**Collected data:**
------------------------------------------------------------
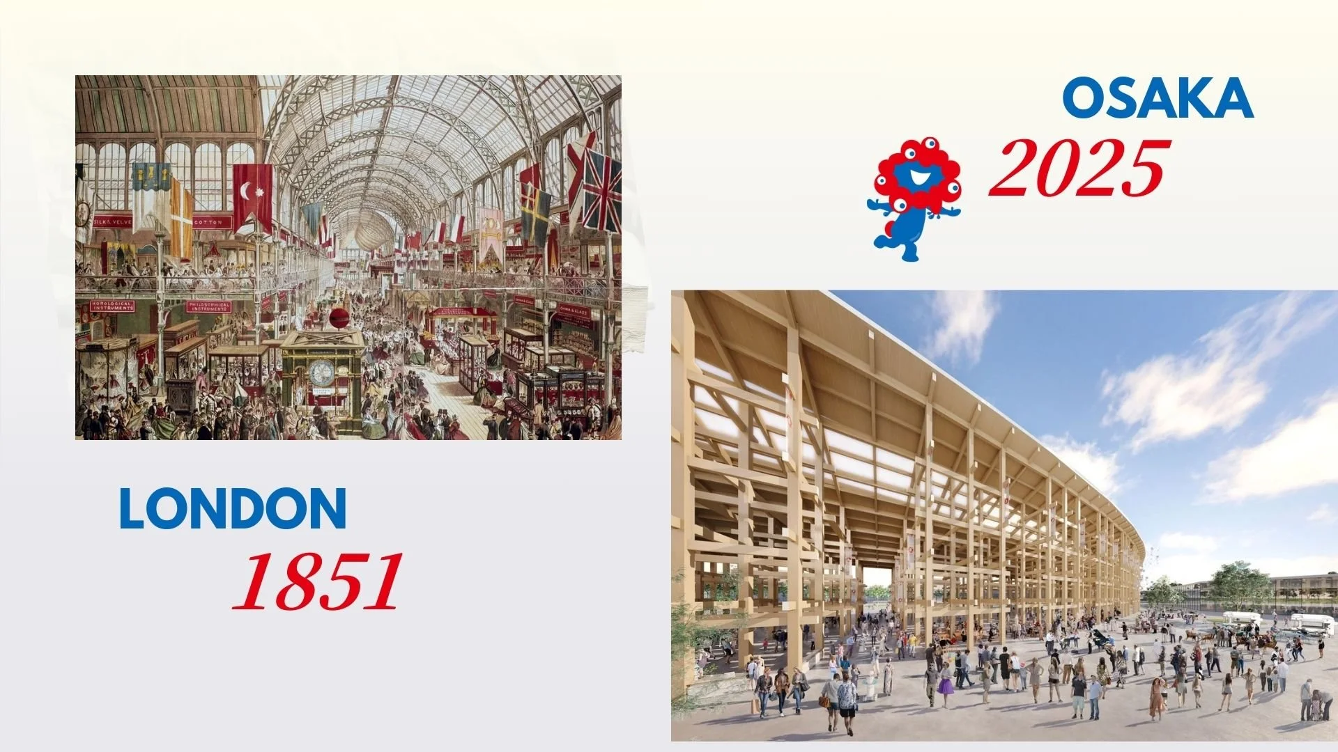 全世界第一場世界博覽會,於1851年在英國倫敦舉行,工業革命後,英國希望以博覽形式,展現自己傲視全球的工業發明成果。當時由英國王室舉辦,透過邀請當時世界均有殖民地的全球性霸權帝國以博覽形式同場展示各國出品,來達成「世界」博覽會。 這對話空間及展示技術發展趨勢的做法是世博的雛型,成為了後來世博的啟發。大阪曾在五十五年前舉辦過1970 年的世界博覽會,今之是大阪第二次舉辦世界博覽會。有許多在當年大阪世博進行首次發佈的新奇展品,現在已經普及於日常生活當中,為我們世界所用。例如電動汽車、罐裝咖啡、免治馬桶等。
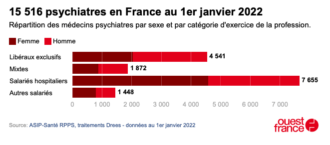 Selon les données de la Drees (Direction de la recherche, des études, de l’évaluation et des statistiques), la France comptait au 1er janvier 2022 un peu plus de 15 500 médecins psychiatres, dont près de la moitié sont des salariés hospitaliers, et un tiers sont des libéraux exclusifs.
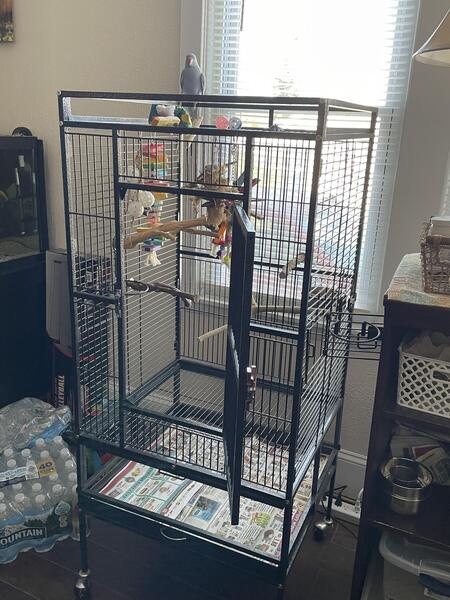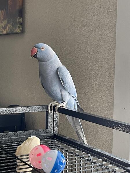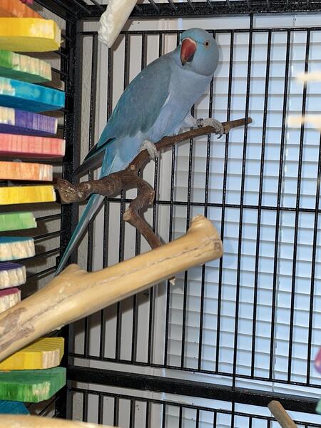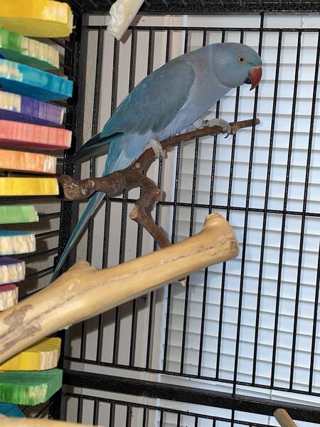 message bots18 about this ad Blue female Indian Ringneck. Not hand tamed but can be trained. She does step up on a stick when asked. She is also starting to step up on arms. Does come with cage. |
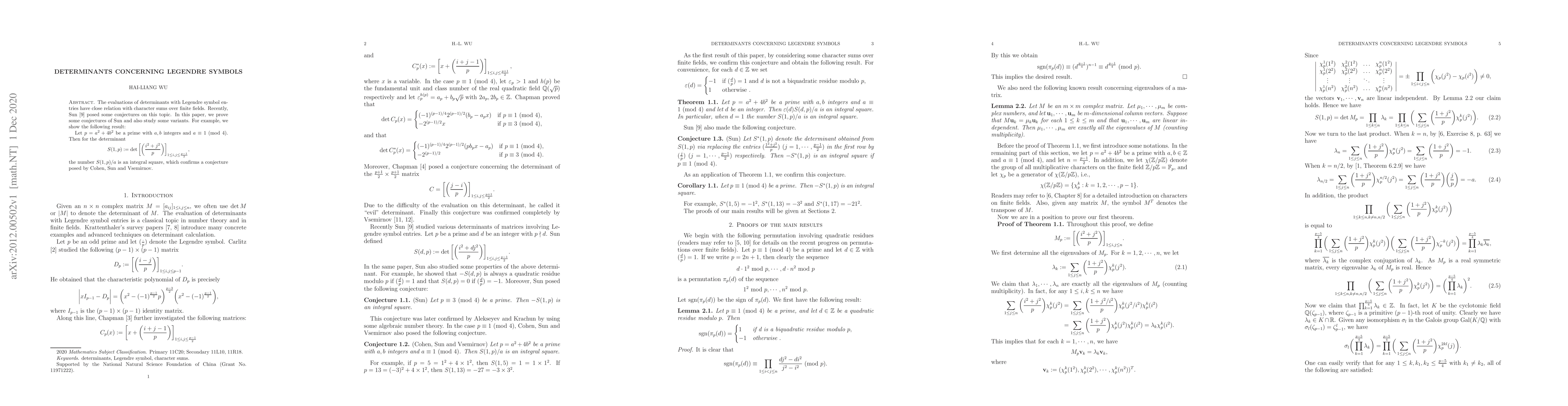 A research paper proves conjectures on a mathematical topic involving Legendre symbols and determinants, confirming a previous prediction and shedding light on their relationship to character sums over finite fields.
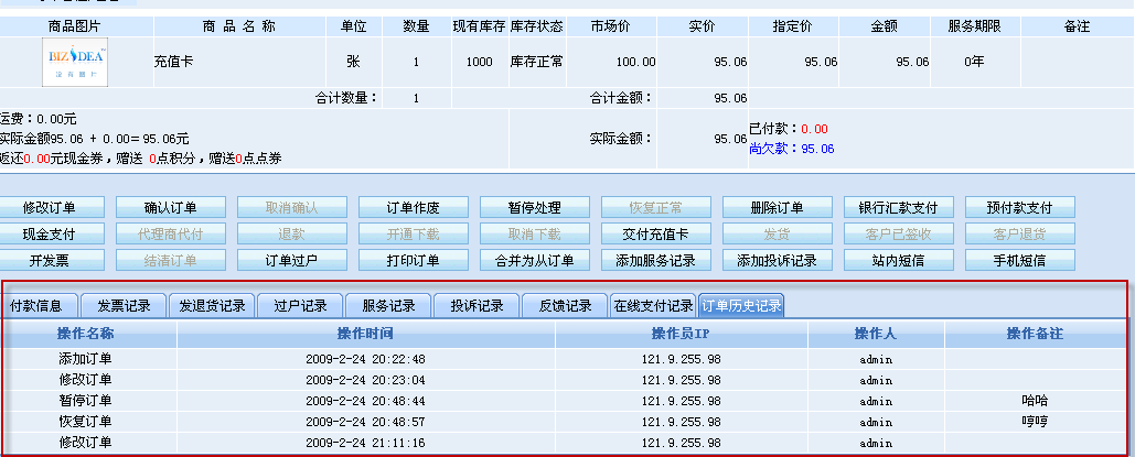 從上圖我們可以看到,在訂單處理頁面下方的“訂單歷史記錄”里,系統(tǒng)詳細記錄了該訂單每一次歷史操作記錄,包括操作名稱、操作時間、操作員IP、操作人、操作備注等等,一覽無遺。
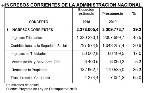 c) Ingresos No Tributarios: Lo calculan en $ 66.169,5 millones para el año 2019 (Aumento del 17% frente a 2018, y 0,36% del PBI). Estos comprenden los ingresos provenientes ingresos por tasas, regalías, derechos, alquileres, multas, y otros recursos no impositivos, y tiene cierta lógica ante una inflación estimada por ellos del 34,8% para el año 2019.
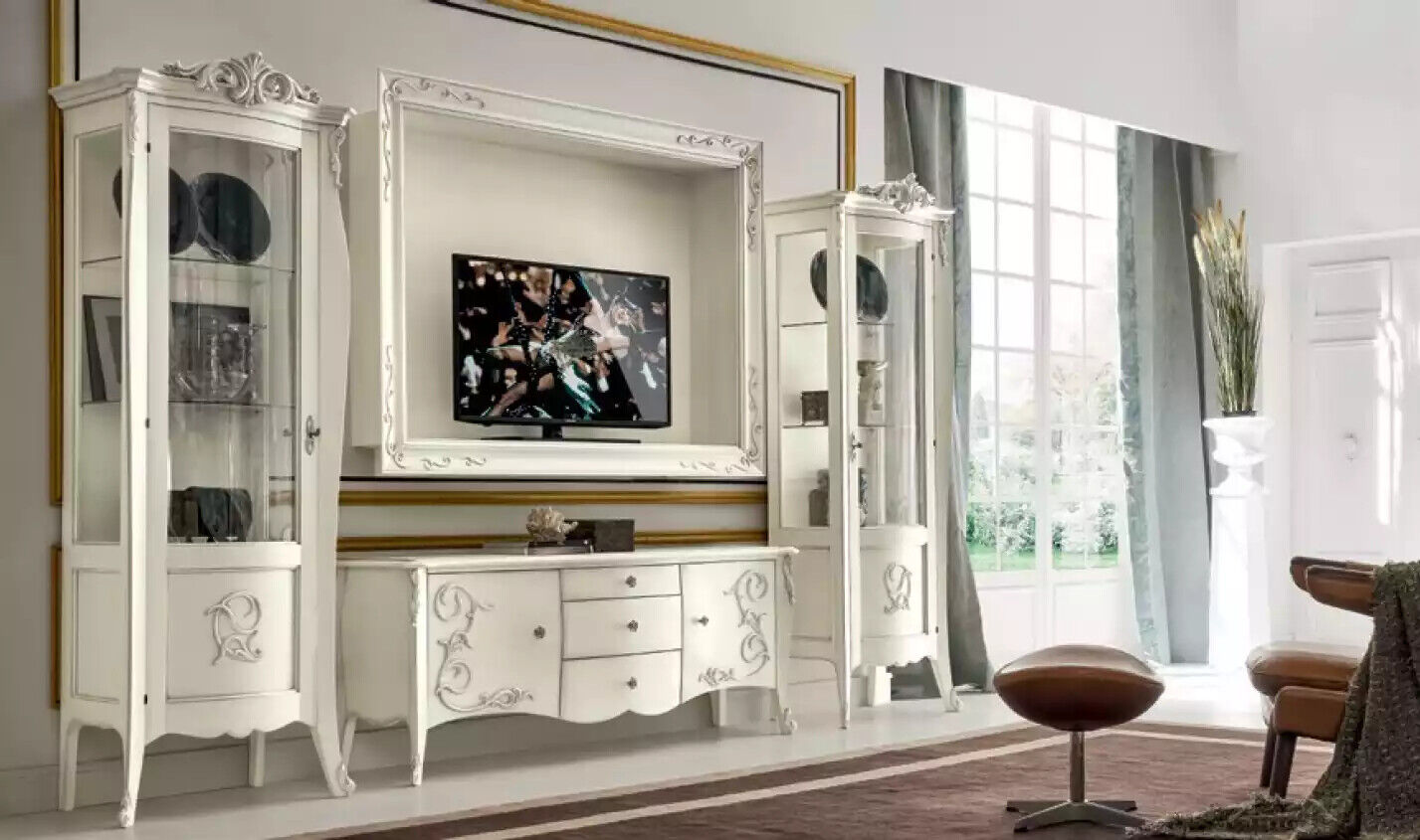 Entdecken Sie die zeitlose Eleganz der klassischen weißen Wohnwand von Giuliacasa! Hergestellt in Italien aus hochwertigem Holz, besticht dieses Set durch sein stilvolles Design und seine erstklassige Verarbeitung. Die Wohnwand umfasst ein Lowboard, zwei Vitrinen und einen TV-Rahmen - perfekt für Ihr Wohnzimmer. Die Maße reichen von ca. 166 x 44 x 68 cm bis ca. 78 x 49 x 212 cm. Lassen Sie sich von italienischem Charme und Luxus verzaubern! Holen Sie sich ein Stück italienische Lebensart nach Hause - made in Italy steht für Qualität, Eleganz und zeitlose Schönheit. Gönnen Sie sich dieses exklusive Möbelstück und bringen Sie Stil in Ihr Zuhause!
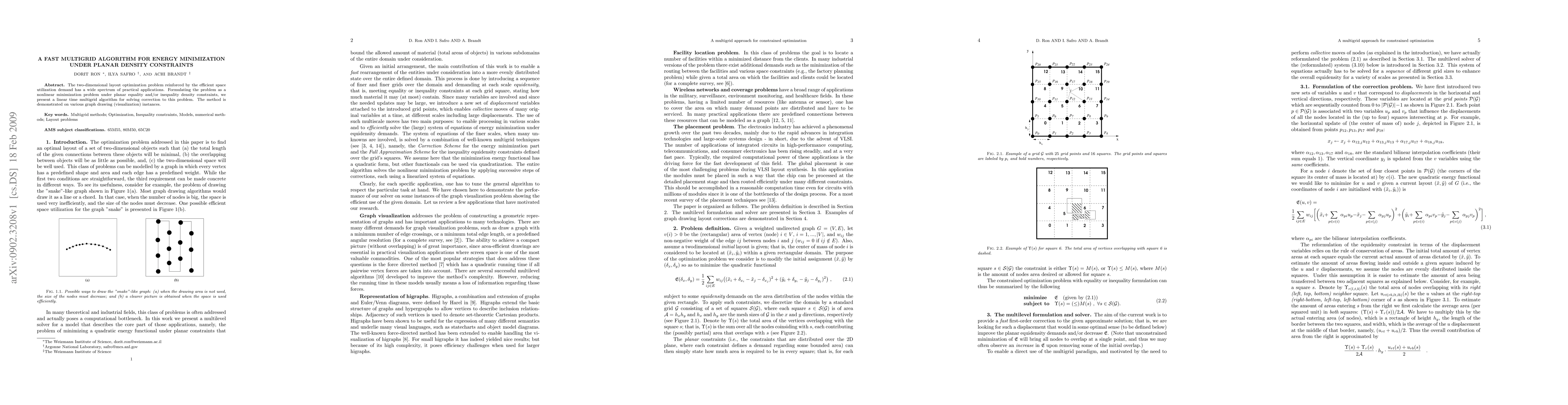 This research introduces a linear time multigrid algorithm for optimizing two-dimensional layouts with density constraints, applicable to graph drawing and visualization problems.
------------------------------------------------------------
**What this task involves:** Reproduce only the lines from the line that holds "Entdecken Sie die" through the end of the records, exactly as they stand, both ends included and pictures excluded.

**Answer section:**
 Entdecken Sie die zeitlose Eleganz der klassischen weißen Wohnwand von Giuliacasa! Hergestellt in Italien aus hochwertigem Holz, besticht dieses Set durch sein stilvolles Design und seine erstklassige Verarbeitung. Die Wohnwand umfasst ein Lowboard, zwei Vitrinen und einen TV-Rahmen - perfekt für Ihr Wohnzimmer. Die Maße reichen von ca. 166 x 44 x 68 cm bis ca. 78 x 49 x 212 cm. Lassen Sie sich von italienischem Charme und Luxus verzaubern! Holen Sie sich ein Stück italienische Lebensart nach Hause - made in Italy steht für Qualität, Eleganz und zeitlose Schönheit. Gönnen Sie sich dieses exklusive Möbelstück und bringen Sie Stil in Ihr Zuhause!
 This research introduces a linear time multigrid algorithm for optimizing two-dimensional layouts with density constraints, applicable to graph drawing and visualization problems.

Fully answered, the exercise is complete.